J. J. Abrams/Doug Dorst :: S. – Das Schiff des Theseus
Arno Schmidts Lebensprojekt, „Zettel’s Traum“, ist ein Paradebeispiel für die wenigen magischen Werke, in denen große Erzählkunst auf die unendlichen Gestaltungsmöglichkeiten des Mediums Buch stößt
Zu Schmidts zeitgenössischen Erben gehören neben Reif Larsen („Die Karte meiner Träume“) und Mark Z. Danielewski („Das Haus“, „Only Revolutions“) nun auch Drehbuchgenie („Lost“, „Felicity“) und Regisseur J. J. Abrams („Star Wars: Das Erwachen der Macht“) und dessen Koautor, Doug Dorst.
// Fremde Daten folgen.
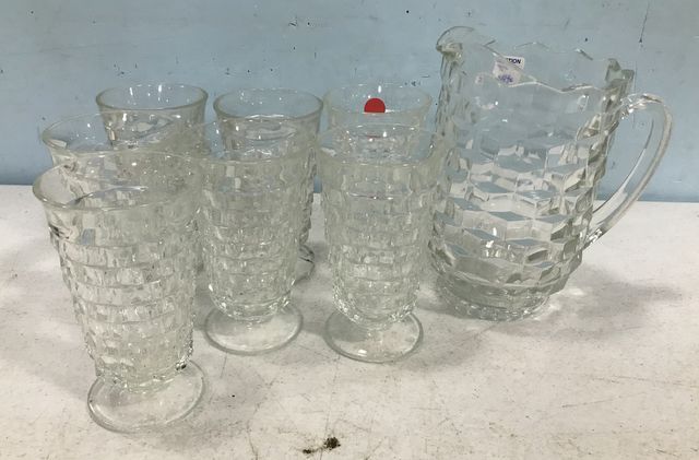 White Hall cube pattern Pitcher 8"h., 7 matching cups. White Hall cube pattern Pitcher 8"h., 7 matching cups.
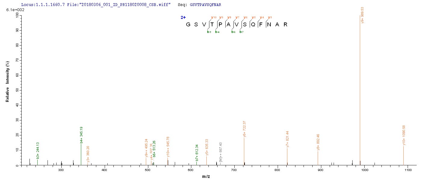 Based on the SEQUEST from database of E.coli host and target protein, the LC-MS/MS Analysis result of CSB-RP149074BA(A3) could indicate that this peptide derived from E.coli-expressed Mycobacterium tuberculosis mpt63.
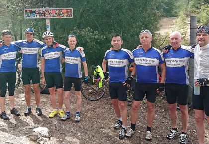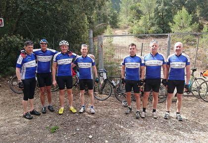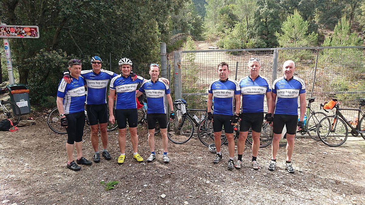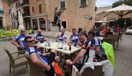 Wir rollten also in Richtung Bunyola los. Kurz vor dem Einstieg zum Col hatte der Käpt'n in den letzten Jahren immer seinen berühmten Pinkeltrick gebracht. So hoffte er auch diesmal durch den Pinkel-Stop der Jungs mit den Konfirmandenblasen den entscheidenen Vorsprung für den Sieg zu bekommen. Er rollte nämlich dann immer mit dem Zufahrer flott davon. Diesmal erwischte es ihn aber auch. Wahrscheinlich hatte er beim Frühstück einen Kaffee zuviel konsumiert. Als er dann nach einer Express-Entleerung mit dem Zufahrer anrollte, kam im das Glück zur Hilfe. Beim Anfahren merkte ich, dass mein Hinterreifen Luftmangel hatte. Ich musste also flicken. Bis wir dann los kamen, war er über alle Berge.
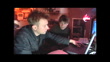 Medium shot of Damon Albarn and Alex James of 90s Britpop band Blur working on computers, they are composing music to send to Mars (BBC News, 030-02-27EC – 30/01/2002 – AEXZ288W)
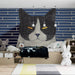 See lummav fototapeet omab stiilitud illustratsiooni kassist julgete omadustega, mis on seatud sinise tellise taustale, lisades kaasaegse ja kunstilise puudutuse. Mustvalgete joonte peened nüansid rõhutavad kassi isiksust, samal ajal kui kuldpruunid silmad toovad kogu pildile sooja ja intrigeeriva mõõtme.
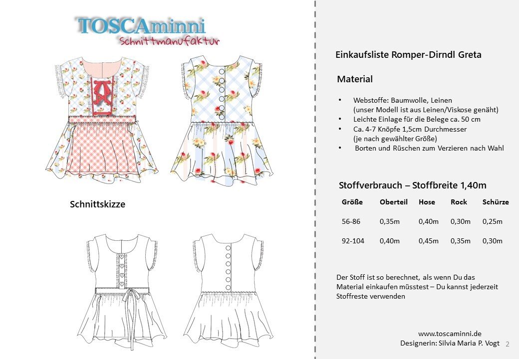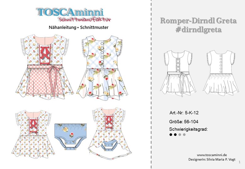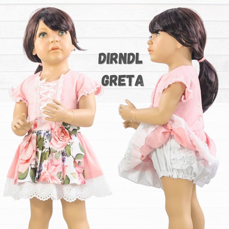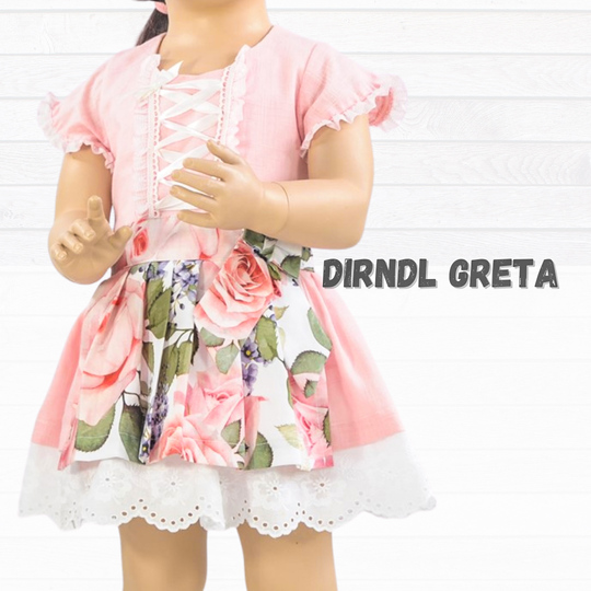 Mit dem Schnittmuster Greta nähst Du Dir einen bezaubernden Romper, der gleichzeitig wie ein Dirndl aussieht. Das Dirndl ist extra für Babies und Kleinkinder konzipiert. Die Schürze ist festgenäht, so dass diese nicht verrutschen kann.
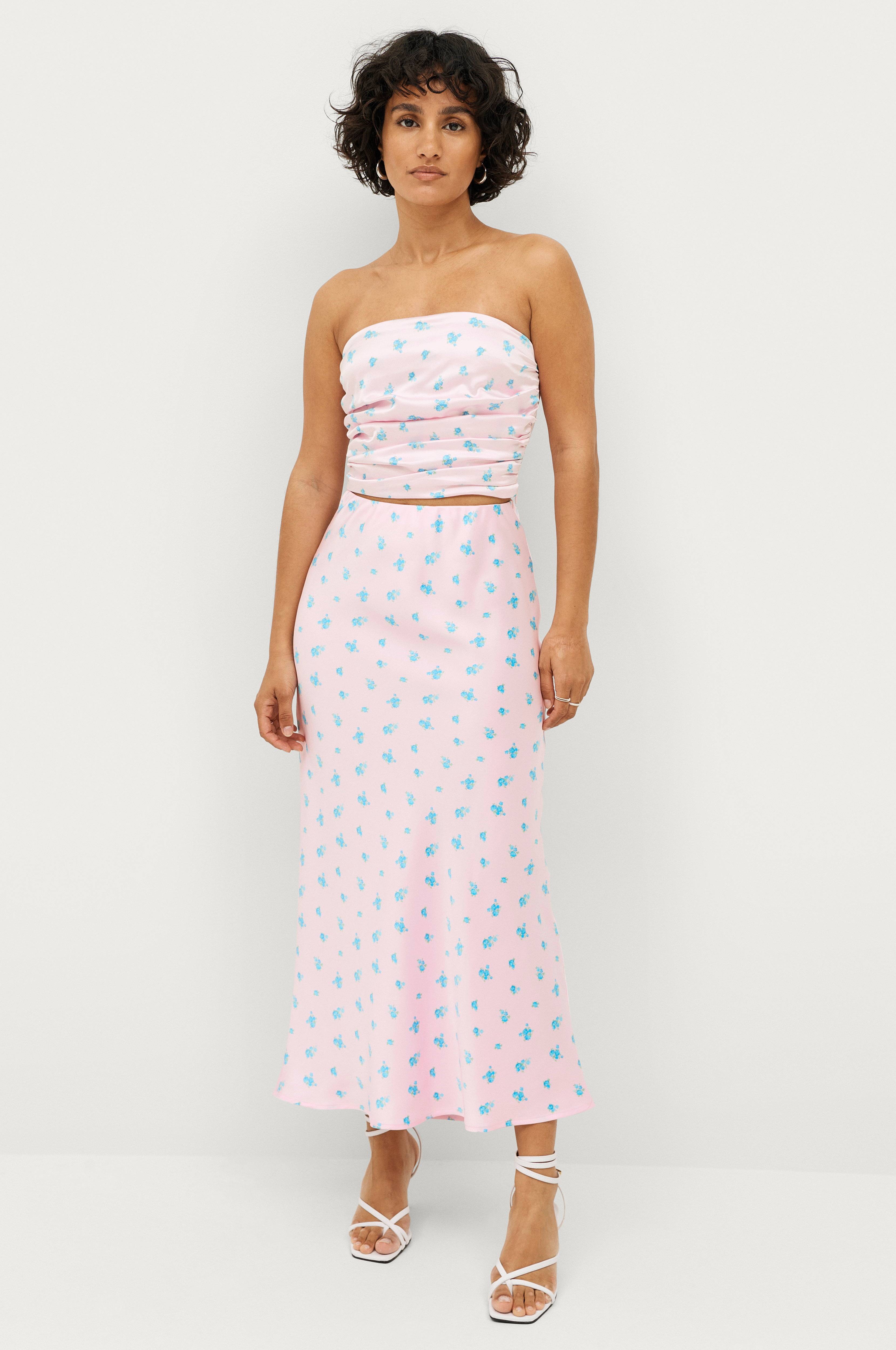 Ihanat värit ja printti. Vyötärö joustaa eikä paina mistään. Satiininen hame laskeutuu kauniisti ja hame sopii niin arkeen kuin juhlaan.

In ihrem wahnwitzigen Romankunstwerk erzählen sie am Seitenrand sowie mthilfe von Servietten, Zeitungsausschnitten, Fotos, Karten und Briefen von der riskanten Suche zweier Studenten – nennen wir sie der Einfachheit halber Eric und Jen – nach der wahren Identität des fiktiven Autors V. M. Straka, der mit seinem Schlüsselroman „Das Schiff des Theseus“ sein Lebenswerk abgeschlossen haben soll.
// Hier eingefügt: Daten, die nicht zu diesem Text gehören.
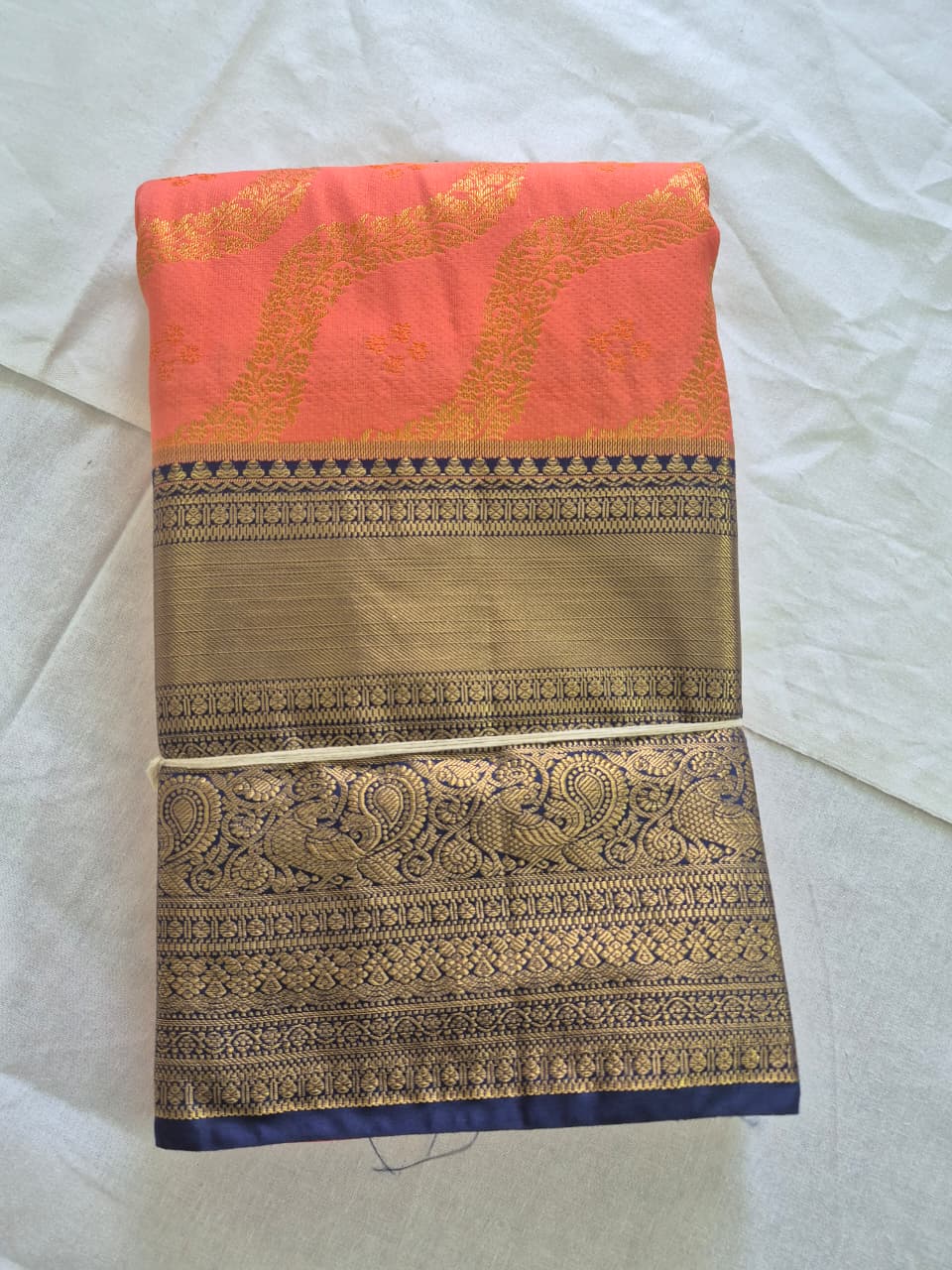 Elegant Peach Silk Saree with Rich Gold Zari Border & Pallu
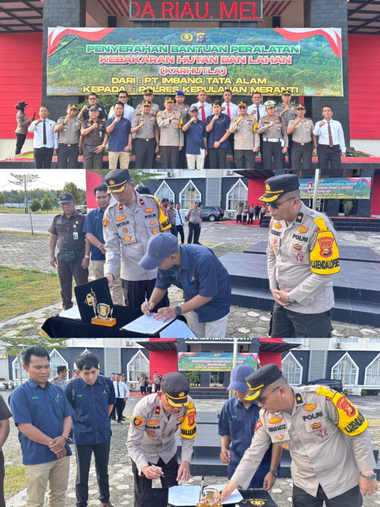 MERANTI — Upaya pencegahan kebakaran hutan dan lahan (karhutla) di Provinsi Riau terus diperkuat melalui kolaborasi antara kepolisian dan pihak swasta. Polres Kepulauan Meranti menerima bantuan peralatan penanggulangan karhutla dari PT Imbang Tata Alam pada Senin (9/2/2026) pagi.

Über den mysteriösen Verfasser von Werken wie „Das Wunder von Braxenholm“ und „Die Flügelschuhe des Emydio Alves“ gibt es kaum gesicherte Kenntnisse. Über 50 Jahre nach seinem Verschwinden werden hinter dem Künstlernamen ein Dutzend verschiedene Personen vermutet. Insofern ist Straka ein fiktionaler Wiedergänger des rätselhaften B. Traven. „Wir schreiben mit dem, was die vor uns geschrieben haben“, heißt es in dieser modernen Theseus-Erzählung, in der die antike Vorlage aufgegriffen und die Frage gestellt wird, ob ein Schiff, dessen Planken ausgetauscht werden, am Ende noch dasselbe Schiff ist. Durchgespielt wird dies an der abenteuerlich-abstrusen und lebensgefährlichen Odyssee durch die Vorhölle des Ersten Weltkriegs, auf die der seiner Erinnerungen beraubte Erzähler, S., gerät.
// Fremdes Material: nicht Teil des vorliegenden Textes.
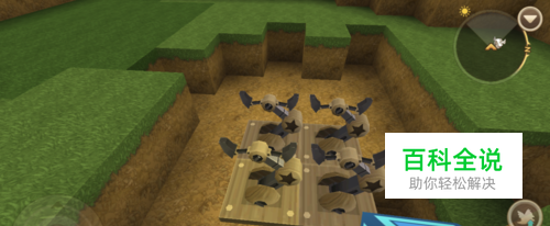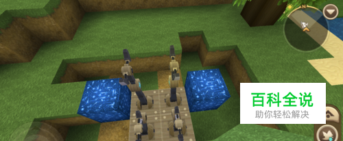 先在其周围放上电石快,会发现电石块旁边的机械臂就会自动升起来。然后我们可以利用这个机制,在机械臂上方铺上方块。
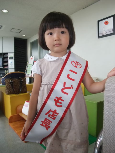 車の点検中、社員の方がチビッコの依亜に声をかけてくれ、イベント中の『一日店長』の写真を撮ってくださいました。点検には時間がかかりましたが、依亜の遊ぶスペースもあり、飽きることなく付き合ってくれました。
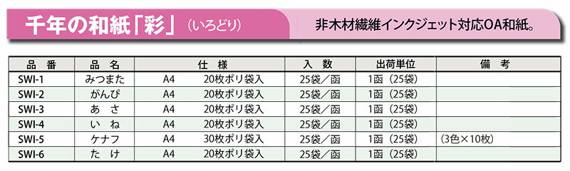商品名 プリンター用和紙「彩」ケナフA4・30枚×25袋 仕 様 ・サイズ:A4(297mm×210mm)・30枚×25袋 説 明 ・和紙の風合いがある紙で、インクジェット対応です。

In dieser an Leo Perutz erinnernden Geschichte stoßen Eric und Jen nicht nur aufeinander, sondern auch auf einen zwischen den Zeilen versteckten Code, mit dem sie an bislang unbekannte Informationen gelangen. Zwischen ihnen geht ein Universitätsexemplar des Romans hin und her, in dem sie ihre Rechercheerkenntnisse austauschen und dabei sowohl einander als auch Strakas Geheimnis immer näher kommen. Der Leser hält nun dieses wunderbar abgegriffene und wild kommentierte Buch inklusive Beilagen in den Händen und wird lesend zum Mitwisser und Zeugen einer gefährlichen Verschwörung, die aus dem Roman ins echte Leben überspringt. „S. – Das Schiff des Theseus“ ist ein kühnes Meisterwerk der Buchdruck- und Erzählkunst, ein haptisches Kleinod der Literatur, das jede Erwartung übertrifft.